Только теперь машина летела вперед, словно за ней самой кто-то гнался. Она неслась, ее даже слегка заносила на повороте и на обгонах неторопливых позних телег, которых на проспекте этом вдруг стало довольно много, почти целый обоз тащился по заснеженной улице… Значит, обреченно подумал Рыжов, те, кто в ней сидит, кем бы они ни были, разобрались с тем трамваем, из которого он сбежал. И теперь наверстывают упущенное, и что им помешает?..

И вдруг что-то возникло меред машиной, а потом она стала тормозить. И мост, тот самый, по которому он, Рыжов в своем трамвайчике только что перебрался на другую, нужную ему сторону реки, стал расходиться. Потому что довольно далеко ниже по течению, километрах в трех, а то и больше, по той самой черной воде, оставшейся в цетре Невы, шел пароход.
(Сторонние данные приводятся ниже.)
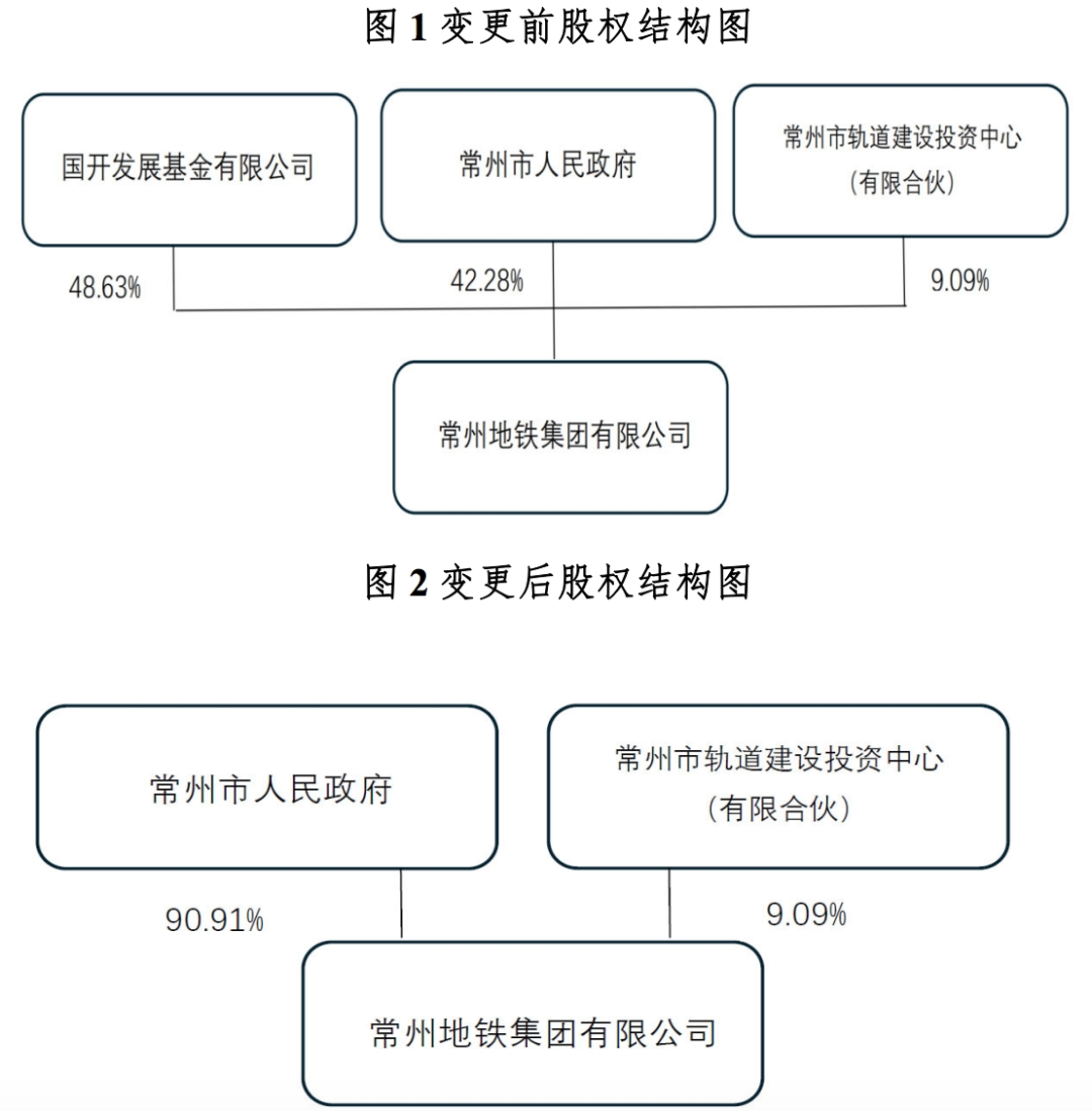 根据《常州地铁集团有限公司股权转让协议》以及《常州地铁集团有限公司股东会决议》,股东国开发展基金有限公司将其持有的常州地铁集团有限公司48.63%的股权转让给常州市人民政府。

Здоровый, выкрашенный в совсем не праздничный, а в рабочий серо-коричневый цвет. Пароходу нужно пройти под мостом, и его разводили. Что может быть проще?

Машина свернула к парапету, даже выскочила на тротуар. Из нее пулей вылетел кто-то и бросился в сторону, ясно, что эти типы прокололись, но кому-то пришла в голову идея позвонить, чтобы еще кто-то из тех, кто находился на этом берегу, если возможно, перехватил этот трамвай, перехватил Рыжова. Вот только он не собирался позволить перехватить себя.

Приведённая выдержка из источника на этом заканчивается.